*Exercise directions:* The reply is to contain the full listing, repeated exactly, with pictures left out.

*Given data:*
--

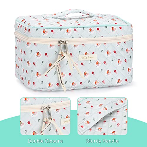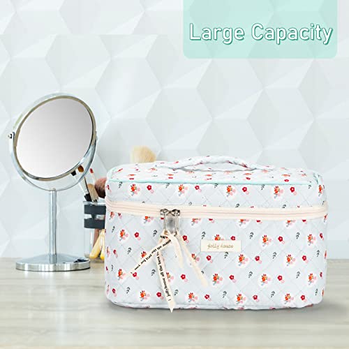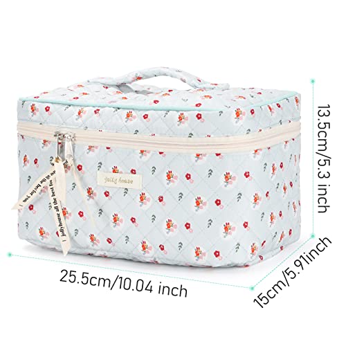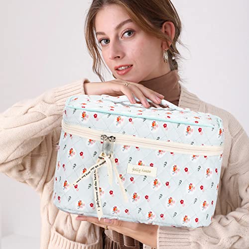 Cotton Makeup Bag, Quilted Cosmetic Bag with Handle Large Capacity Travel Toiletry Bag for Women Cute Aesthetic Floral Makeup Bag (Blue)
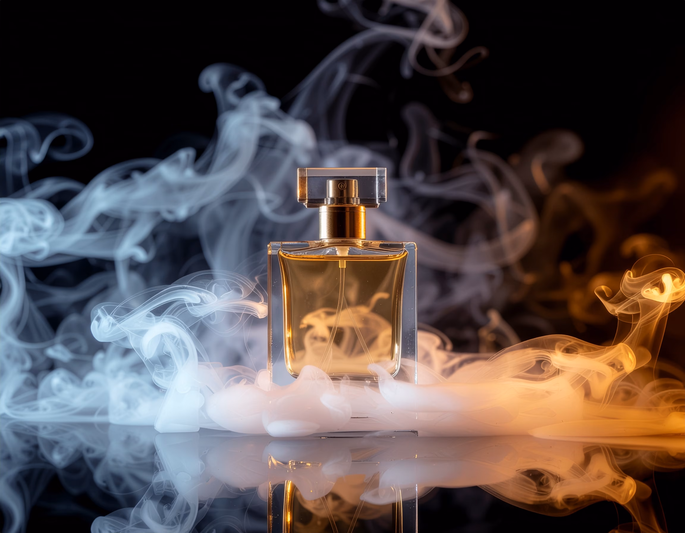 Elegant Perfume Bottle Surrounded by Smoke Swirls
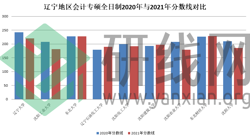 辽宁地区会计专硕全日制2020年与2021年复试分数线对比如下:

--

*Written answer:*
 Cotton Makeup Bag, Quilted Cosmetic Bag with Handle Large Capacity Travel Toiletry Bag for Women Cute Aesthetic Floral Makeup Bag (Blue)
 Elegant Perfume Bottle Surrounded by Smoke Swirls
 辽宁地区会计专硕全日制2020年与2021年复试分数线对比如下:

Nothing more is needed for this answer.